Ryan W. Galloway, University of Georgia

Randy Luskey - Cal Berkeley - Voted Affirmative for Northwestern

Well sports fans, the final round of the 2002 NDT was the perfect end to a great year of competition, and I am glad to have been a part of it. Kentucky HT fought their way through the Sweet Sixteen, the Elite Eight, and the Final Four with a 15-2 ballot count against three of the top seven teams in the country. Northwestern FP also brought their A-Game on elim day (due, in large part, to JP pounding a 6-pack of Red Bull at 7:00 a.m.) with a slew of new affirmatives and a dose of some old skool trickery. When I was told before the round that Northwestern was breaking their third new case of the day (and fourth of the tournament), I thought we may be in for one of those finals debates where the negative, caught off guard, is forced to resort to a shady, non-germane CP or a generic disad with no real case attack. But when the first words out of the 1AC's mouth were "Oil will run out" and Kentucky just about wet themselves (yes Russ, we all saw that), I knew we were in for something special. Before I get in to the nuts and bolts of it all, I just want to say that I, as well as everyone I talked to who watched the round, thought that all four debaters exhibited remarkable class in their pre-speech comments and that each gave one of the best, if not THE best, rebuttal they gave all year.

Reason For Decision: I voted affirmative for Northwestern because the risk and magnitude of the Davis disad outweighed the risk of the Iraq disad.

What made my decision a lot easier than it should have been was the impact work that Northwestern did on the Davis disad vis-à-vis the Bush DA. The 2NR dropped the argument that the motivation for Saddam to lashout was economic in nature, so the collapse of the global economy made Kentucky's disad inevitable in a world of the CP. By the end of the debate, I decided that Northwestern won close to a full risk of their Davis disad. Kentucky had some smart analytics, but all of these arguments were answered in Northwestern's evidence. The argument that a U.S. economic downturn doesn't trigger worldwide depression was handled by the Lewis evidence that said that a U.S. fiscal slide would embolden the U.S. to engage in neo-colonial wars abroad that would spread genocide and economic ruin internationally. Second, Kentucky's argument that their evidence didn't say Davis would actually lose was answered pretty decisively by the 1AR natural gas link and the 2AC evidence which hinted (hinted may even be a generous word) at the argument that any energy policy snafu could cost Davis the election.

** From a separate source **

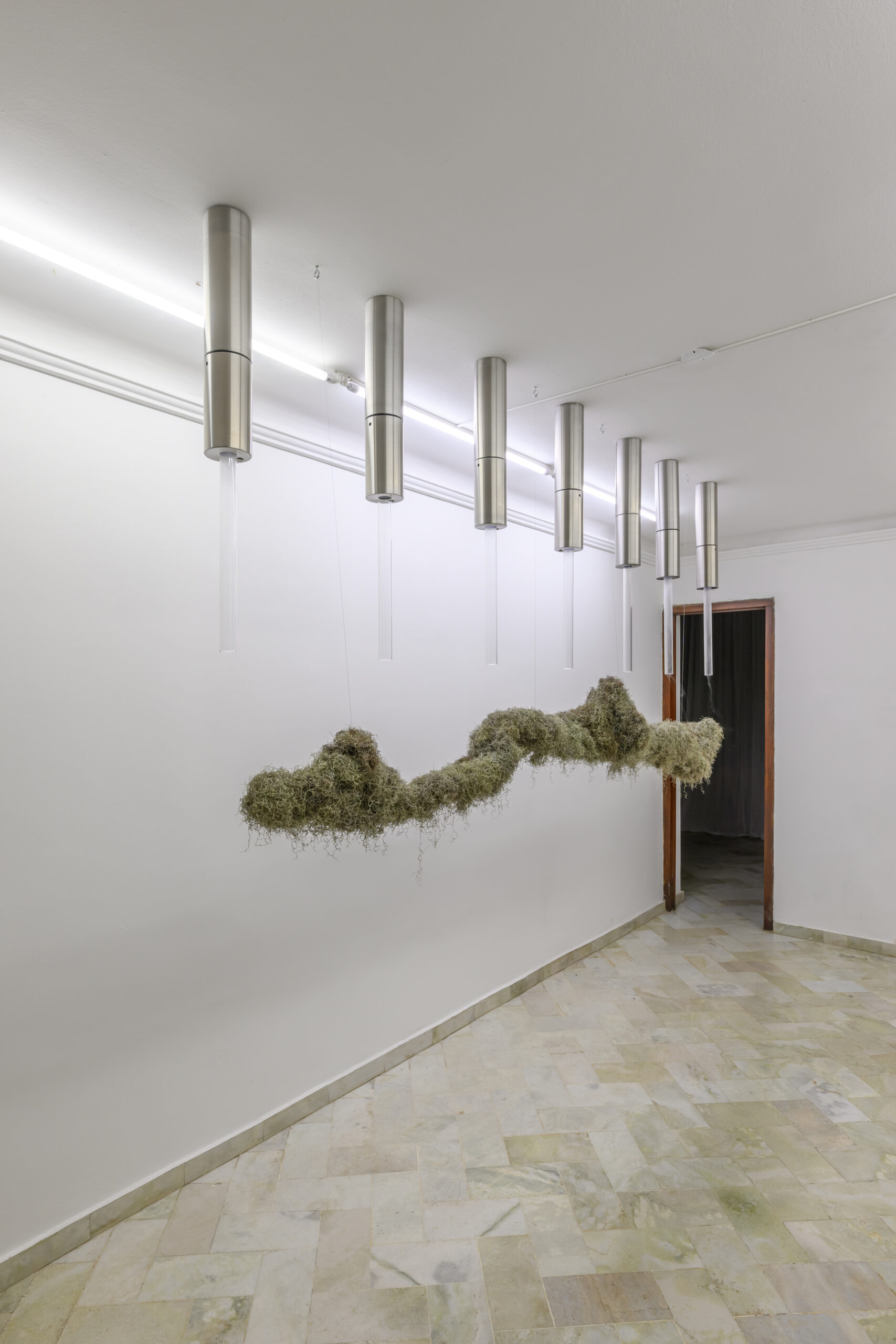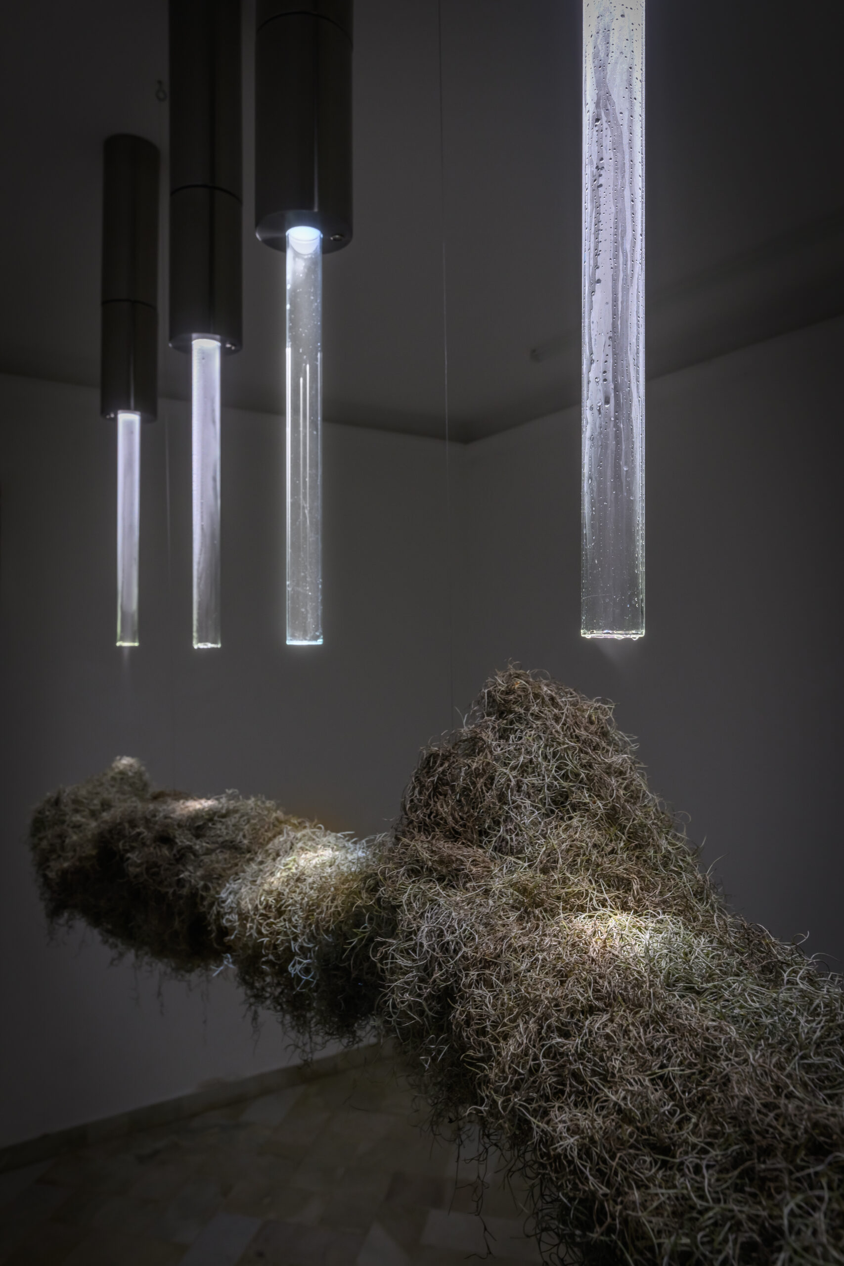 Casualmente, la planta epífita Tillandsia usneoides depende de la humedad del entorno para sobrevivir; en este caso, se alimenta de la niebla que emite la obra de Amparo y Rocío.

Once I had navigated through the negative's analytics, I determined that the only shot the neg. had of mitigating the risk to this disad was to win that an economic recession was inevitable with the two pieces of 2NC evidence versus the two pieces of 1AR evidence. Both last rebuttals were a bit cursory on this question, and I thought after the round that Russ may have been able to seal the deal here with thirty more seconds and two more cards. The problem for the neg was that one of their cards was actually an aff card because it made the argument that the short-term decline in consumer spending in Januray and February would be erased by an upswing in the coming months, and the other piece of evidence (the double-dip recession card) was beaten head-on by the two 1AR cards which were three weeks newer and answered all the warrants in the double-dip bizness. The double-dip card from early March said that consumer spending would mean consumer debt and that capital spending would decline, but Northwestern's evidence from 3/26 said that the long-term trend would favor strong consumer spending and that debt fears were overstated, as well as referencing fourth quarter corporate profits as a sign of surging corporate investments. I too threw away my flows and drank away my precise memory of the debate, but I remember being totally confident that the aff had won impact uniqueness for their Davis da. Even if the neg won a slight risk of double-dip, the aff won that this would be a small, short-term fluctuation that would pale in comparison to the California energy crisis which would "bring the national economy down with it."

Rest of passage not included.